Most Americans probably feel the same way. They want their wives, sisters, and daughters to have a choice. The basic decency of our fellow Americans and the fact that we've already won this battle long ago (in terms of jurisprudence, the courts.) Unlike in so many other areas, we're status quo preservers. That's no reason to get complacent. The anti-choice crowd has eroded that right wherever possible, adding transaction costs and psychological impediments to the procedure.
Still, I feel a bit sorry for them. Whilst there has long been a strain of apocalyptic thought in American Christendom (the Millerites come to mind.) Because ultimately they can't rest. The culture war is a self-sustaining perpetual motion machine. Rather than enjoying the season with friends and family, Randall Terry and his ilk are busy creating self-abnegating theodicities about a loving god that still naturally "aborts" one-third of all fetuses, as many commenters here have noted.
Perhaps it's all a giant prank. Randall Terry might well cash into his self-contradictory logic and make a Christian-themed action movie. Can you imagine?
He might challenge God on the whole miscarriage thing. There'd be a lot of explosions and some kicking Christian rock. And doubtless some strawman liberal pussies to get kicked around by a Christian man of action.
It'd be called... Job 2: The Revengening.
Or something to that effect.
The point is, I don't want to be thoughtful on this issue around Christmas. I want to be thankful for my family and enjoy some Turkey and the warmth of the season. In a sense, the ramping up of the culture war around this season contains the seeds of its own defeat. Most Americans will look at petty bullshit like the War on Christmas and rightfully think "this is stupid."
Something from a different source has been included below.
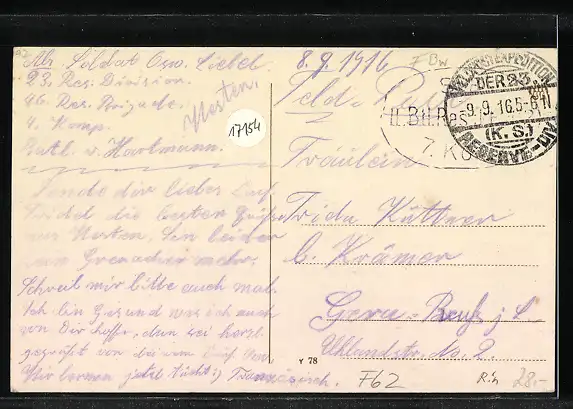 alte Ansichtskarte, gelaufen 1916, guter Zustand

But there will always be the social-right curmudgeons who want to fixate on how the (vast) Christian majority is under siege by Marxist-Muslim-gay-liberal-hippies.
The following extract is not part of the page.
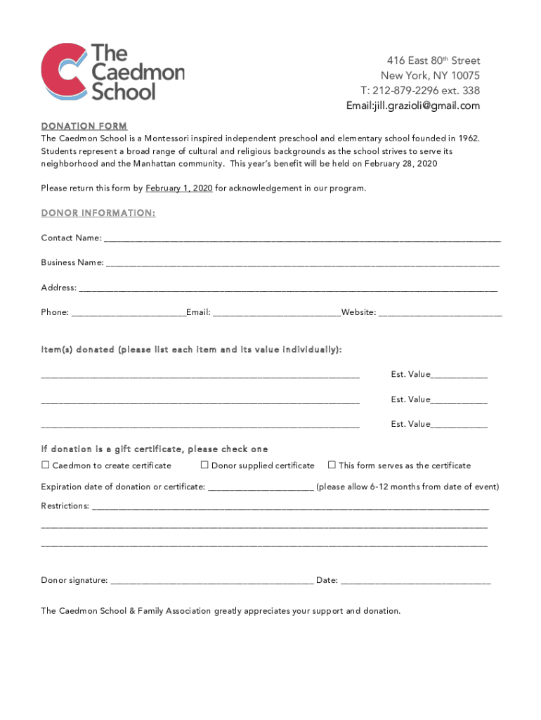 Fill out your benefit donation form 2020docx online with pdfFiller!

In the spirit of the season, the best we can do is conserve our strength. The Culture War, as much as we may hate the term, can continue after Christmas. So imitate the example of the warring nations during the First World War. Have a Christmas Armistice. Do so unilaterally.
And when you see someone like Randall Terry, tell them "Merry Christmas." Or, if you're feeling particularly impish...
"Happy Holidays."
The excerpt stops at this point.